_Data for this task:_
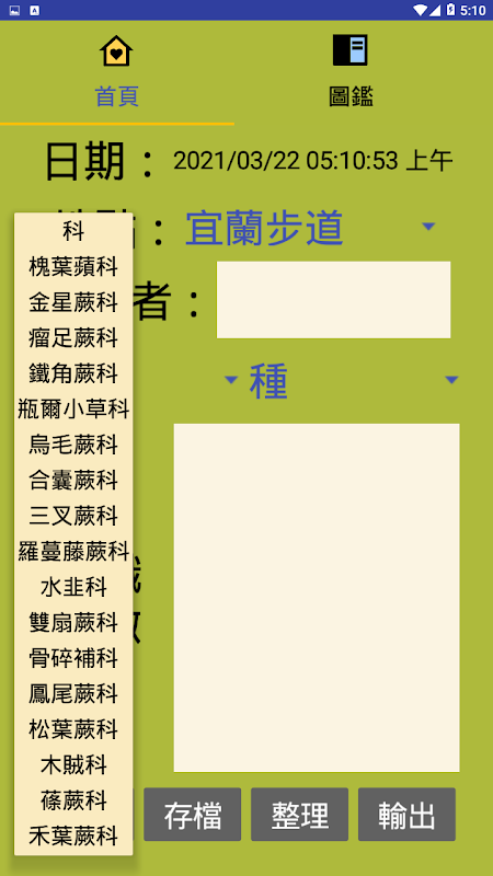1. Stel de observatieplaats in volgens de Yilan Trail in Taiwan en leg de identificatiekenmerken van verschillende varens in woorden vast. Gebruik CSV-bestanden als een offline database om situaties te vermijden waarin er geen netwerk in het wild is. Het is ook mogelijk om het bestand te exporteren en te bewerken met een computerspreadsheet.
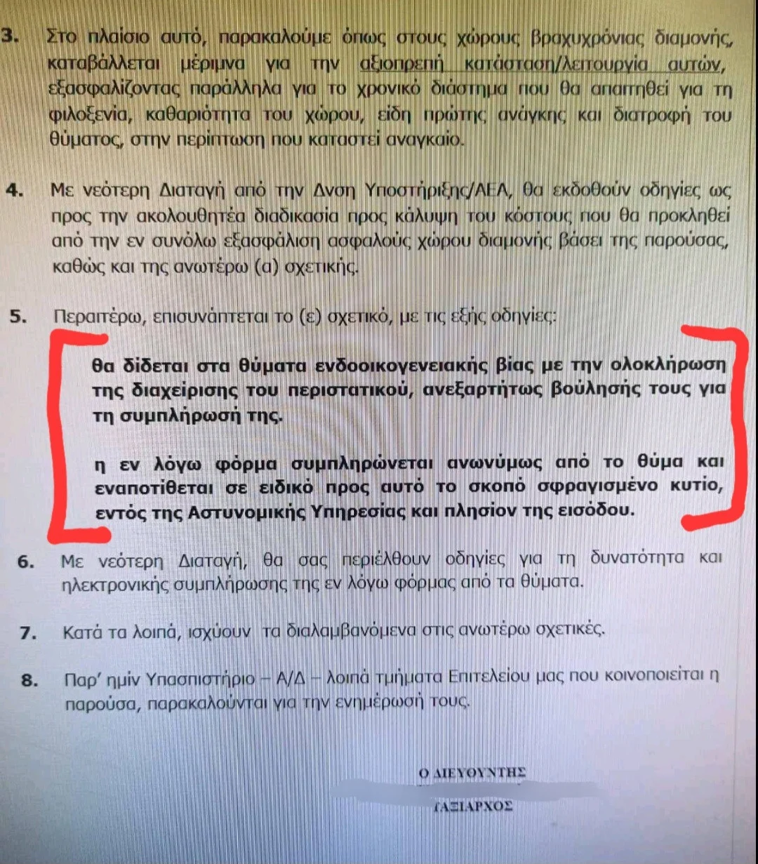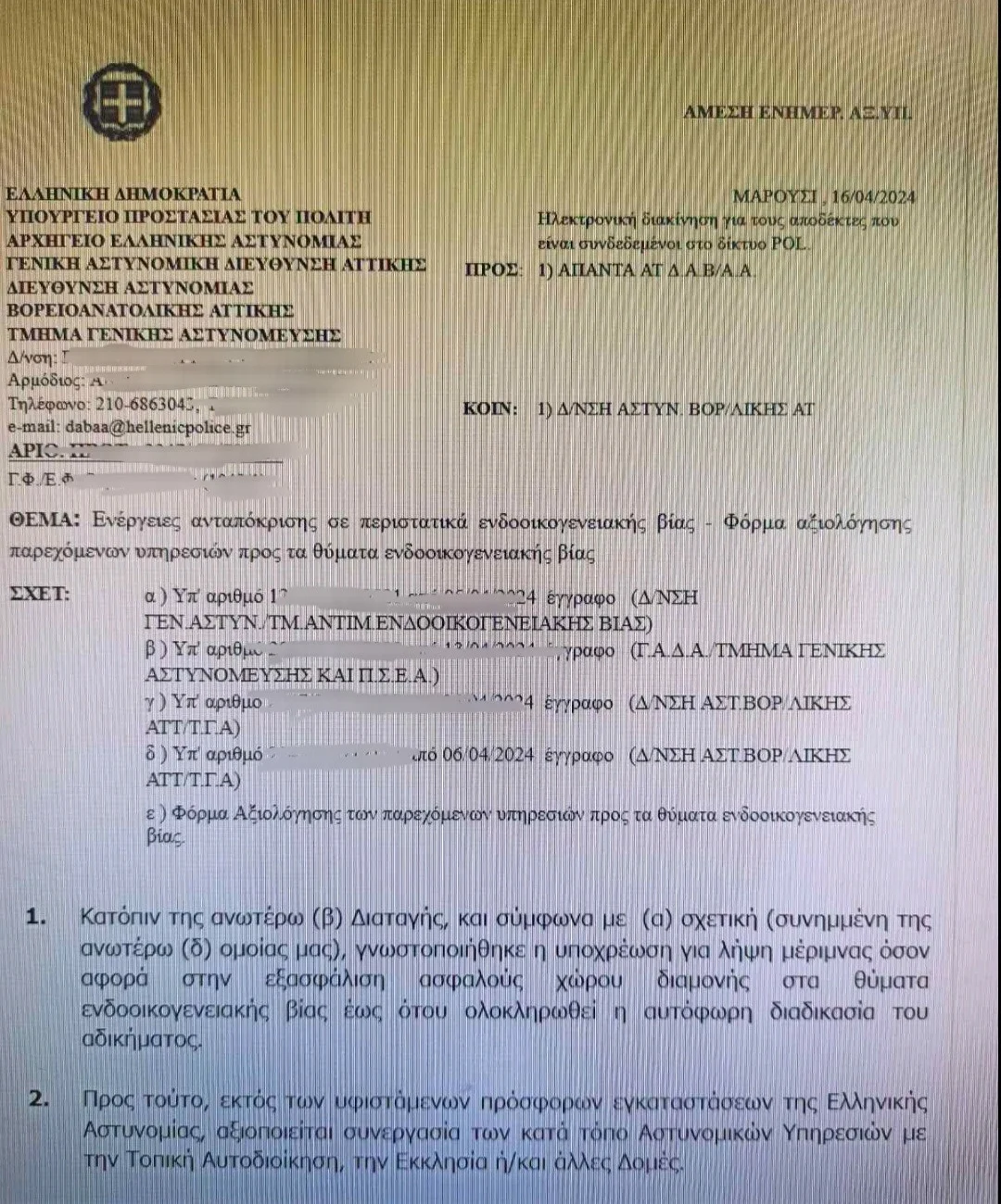 «Έντονο προβληματισμό, αγανάκτηση και πολλά ερωτηματικά, ως προς τα πραγματικά της κίνητρα, προκαλεί η πρόσφατη διαταγή του Αρχηγείου της Ελληνικής Αστυνομίας με αντικείμενο τη δυνατότητα αξιολόγησης … από τα ίδια τα θύματα (!), των αστυνομικών που χειρίζονται υποθέσεις ενδοοικογενειακής βίας!
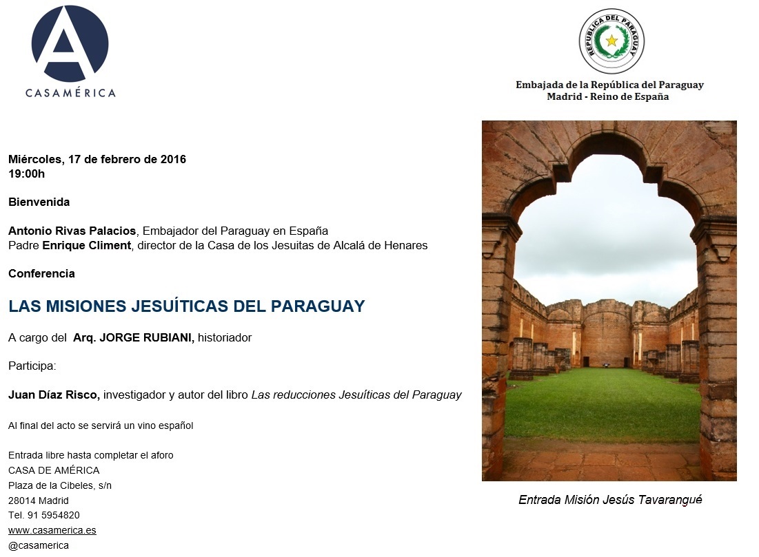 La Embajada del Paraguay en España, en coordinación con Casa América, llevará a cabo una conferencia bajo el título “LAS MISIONES JESUÍTICAS DEL PARAGUAY”, a cargo del Arq. JORGE RUBIANI, investigador e historiador paraguayo, el miércoles 17 de febrero del 2016, a las 19:00 horas, en la sede de Casa América.
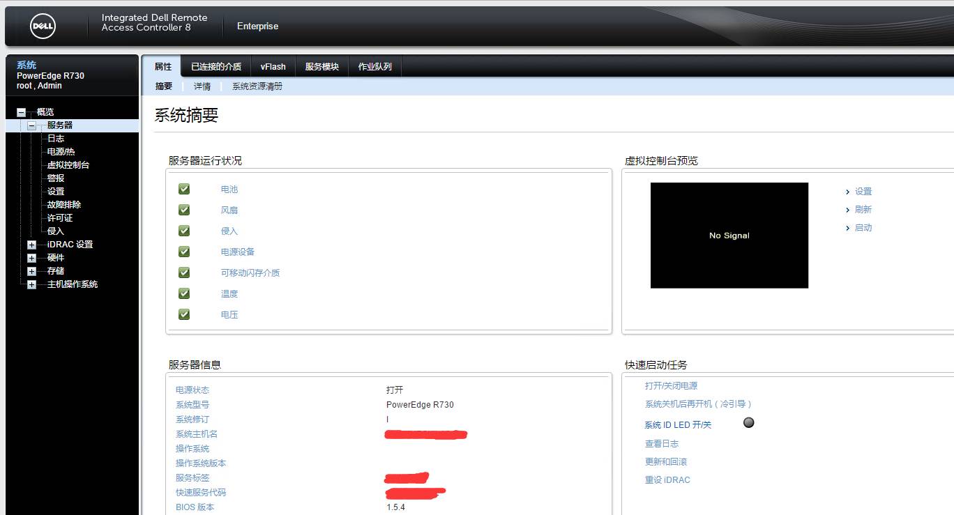 使用上期配置过的IP来登录iDRAC,默认情况下账号为root,密码为calvin,然后来到主界面。
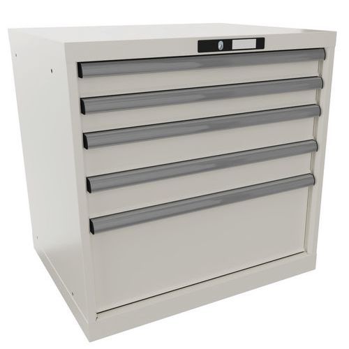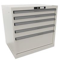 Védelem por és folyadékok ellen a zárt keretnek köszönhetően, amely ütés- és kopásálló felülettel rendelkezik. Biztonsági zár a fiókok leesése és egyedi zárása érdekében (borulásvédelem). Korrózióvédelem elektroforetikus immerziós festéssel és szórással. Professzionális címkézés LISTA Script címkézőszoftverrel és felhajtható címkebehelyező fogantyúval. Tökéletesen csendes mozgás a keresztléc nélküli csúszkának köszönhetően. Kulcsos zár. Max. terhelés (kg) : 75
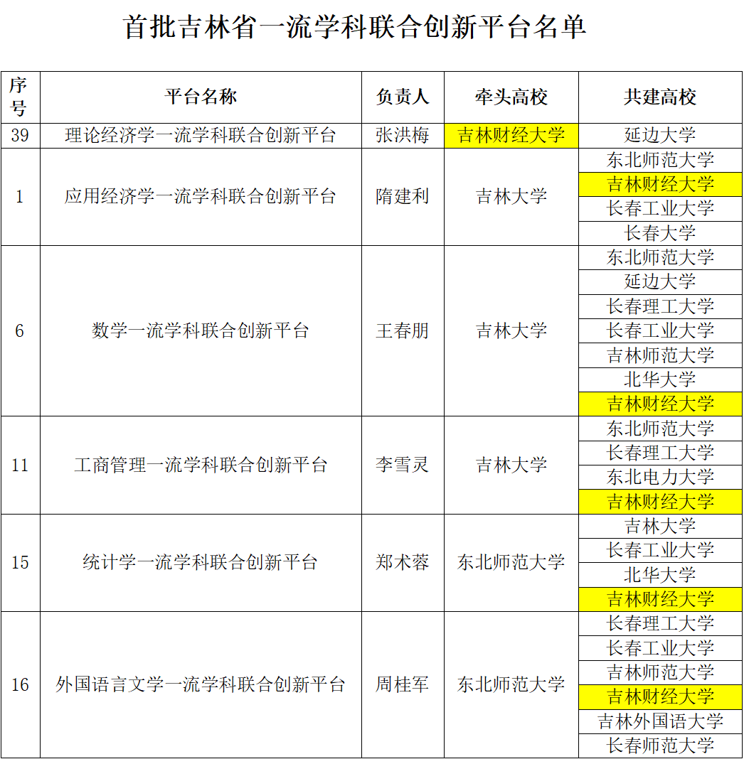 本网讯(发展规划与学科建设办公室 供稿)近日,吉林省教育厅公布了首批吉林省一流学科联合创新平台名单,kaiyun官网共有6个学科加入吉林省首批一流学科联合创新平台,占一级学科总数的60%。其中,以kaiyun官网为牵头单位、经济学院院长张洪梅教授负责、延边大学为共建单位的“理论经济学一流学科联合创新平台”成功获批;同时,以吉林大学为牵头单位、kaiyun官网为共建单位的“应用经济学一流学科联合创新平台”“数学一流学科联合创新平台”和“工商管理一流学科联合创新平台”,以东北师范大学为牵头单位、kaiyun官网为共建单位的“统计学一流学科联合创新平台”和“外国语言文学一流学科联合创新平台”成功获批。

_About this task:_ Looking at the listing above, which lines run from the one containing "υποθέσεις ενδοοικογενειακής βίας!" through the one containing "La Embajada del"? Print exactly those, ends included, pictures excluded.

_Solution to the problem:_
 «Έντονο προβληματισμό, αγανάκτηση και πολλά ερωτηματικά, ως προς τα πραγματικά της κίνητρα, προκαλεί η πρόσφατη διαταγή του Αρχηγείου της Ελληνικής Αστυνομίας με αντικείμενο τη δυνατότητα αξιολόγησης … από τα ίδια τα θύματα (!), των αστυνομικών που χειρίζονται υποθέσεις ενδοοικογενειακής βίας!
 La Embajada del Paraguay en España, en coordinación con Casa América, llevará a cabo una conferencia bajo el título “LAS MISIONES JESUÍTICAS DEL PARAGUAY”, a cargo del Arq. JORGE RUBIANI, investigador e historiador paraguayo, el miércoles 17 de febrero del 2016, a las 19:00 horas, en la sede de Casa América.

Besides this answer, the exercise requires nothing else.